Friday, June 25, 2010

McClatchy Washington report 6/25

  • Federal scientists studying the history of water contamination at Camp Lejeune, N.C., have learned of another source of leaking fuel — this one less than a football field away from a drinking well that once served thousands of Marines and their families.
  • Unlike the previous public drama, this act will unfold miles below the seabed, as drill technicians begin delicately maneuvering a relief well that they hope will pierce and cap the gushing oil well. At stake is whether the Gulf of Mexico gusher ends in mid-August or persists, perhaps for months.
  • An investigator has determined former Gov. Sarah Palin's legal defense fund broke state ethics law and said Palin has agreed to settle the matter by having the trust return more than $386,000 to donors. The decision is the result of an ethics complaint filed 15 months ago.
  • Nicaraguan President Daniel Ortega is allegedly dipping into hefty Venezuela-funded coffers to bribe, buy and scatter the weakened opposition as part of his push for a second term, lawmakers and analysts say. And when money doesn't work, Ortega's ruling Sandinista Front is using strong-arm tactics to silence the opposition.
  • Stephen Schneider and his wife, Linda, face 20 years to life in federal prison for prescription practices that led to the overdose deaths of 10 former patients of their medical clinic. They billed $4 million in inflated claims to insurance companies and were convicted on multiple counts of money laundering.
  • As American troops withdraw from Iraq this summer, expect the democratic freedoms Iraqis have enjoyed in recent years to recede as well. Already, the Iraqi government is restricting freedom of the press, expression and assembly. It's toying with Web censorship, torturing political prisoners and killing political opponents. Even with all of that, Iraq remains freer than every other Arab state, except Lebanon.
  • Rushing to deliver the broad strokes of an overhaul of the financial regulatory system before leaders of the world's major economies meet in Toronto over the weekend, lawmakers readied late Thursday to partially reinstate a ban on risky betting by commercial banks.

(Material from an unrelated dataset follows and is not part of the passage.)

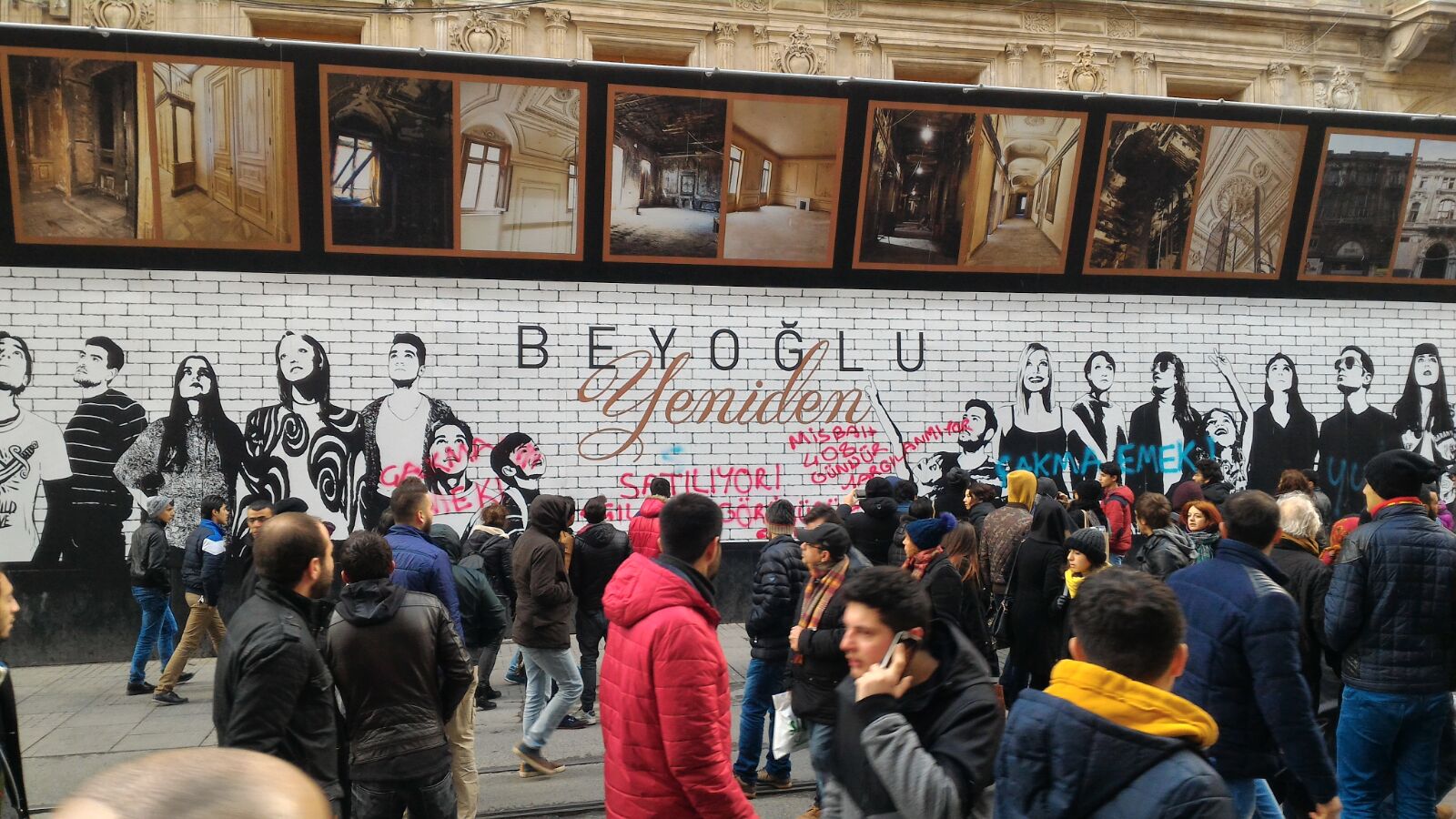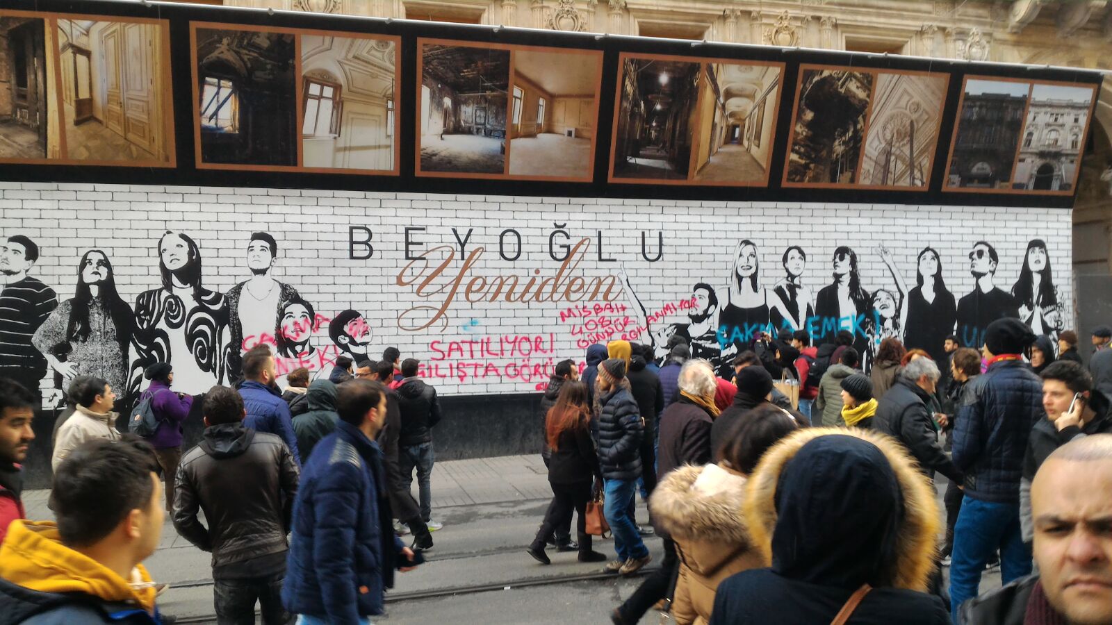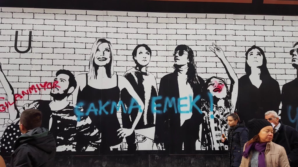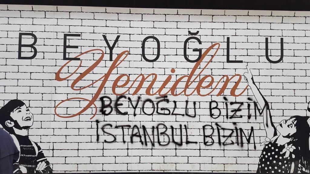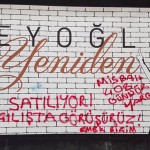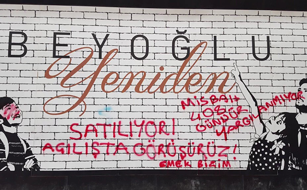 Beyoğlu Belediyesi ve AKP’nin reklamlar, köşe yazarları, ön gösterimlerle allayıp pulladığı Emek Sineması’nın da içerisinde bulunduğu AVM inşaatına “Emek bizim İstanbul bizim” diyenler yazılama yaptı. İnşaatın duvarına “Çakma Emek”, “Açılışta görüşürüz” ve “Ahmet Misbah 408 gündür yargılanmıyor” yazan yaşam savunucuları Beyoğlu Belediye Başkanı Ahmet Misbah Demircan ve AKP’nin reklam oyunlarını bozmak için bir adım attı.
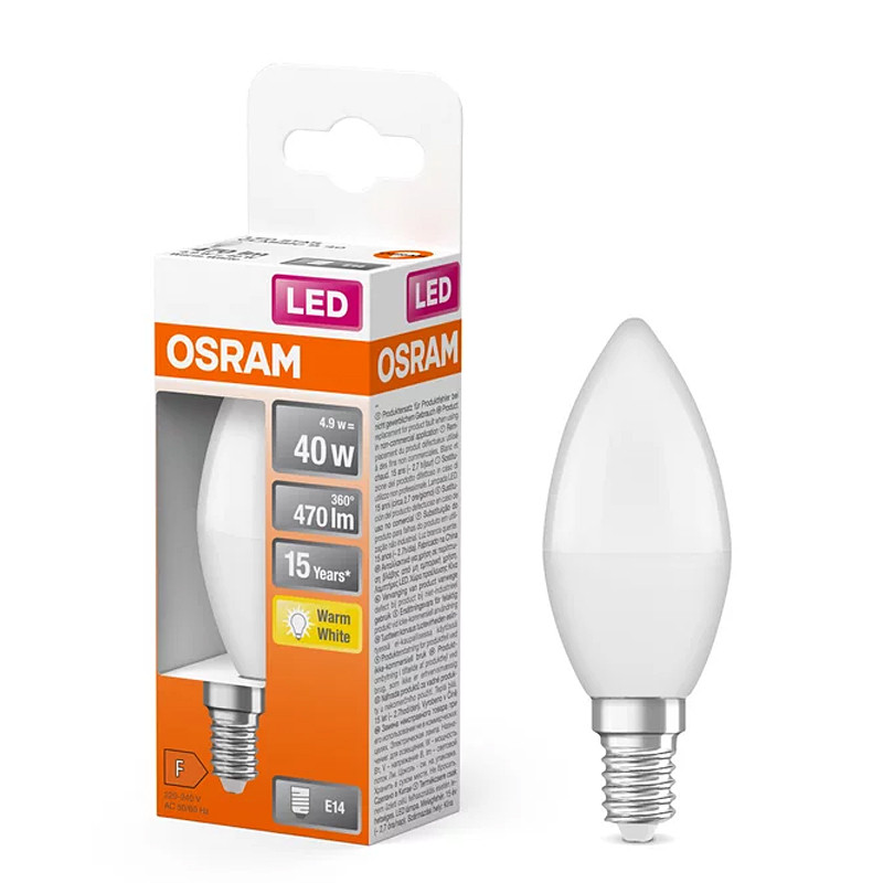Žiarovka OSRAM LED SCLB40 E14 4.9W/827 sviečka

  • Some places don't want to be found. Just past the commuters at the Caoyang Road railway station and around the corner from the cafes, banks and clothing stores of Lanxi road, there's a hidden alley neighborhood with a dusty sign identifying it as one of Shanghai's model communities.
  • Aetna Thursday withdrew plans to raise premiums on 65,000 customers who buy health insurance on their own, becoming the second insurer to do so in as many months because of "substantial mathematical errors" in its rate calculations.
  • Ask Chinese architecture and urban planning expert Wang Wei Qiang about Expo 2010 Shanghai China, and he'll go on about sustainability, the preservation of historic buildings and pavilion design.
  • Amid calls for the Obama administration to make more changes to its strategy and leadership in Afghanistan, top U.S. officials said Thursday that while their strategy may be troubled, they think it's salvageable.
  • No end is in sight for the plight of hundreds of thousands of jobless people whose unemployment benefits ran out this month, after the Senate failed Thursday to garner enough votes to pass the funding.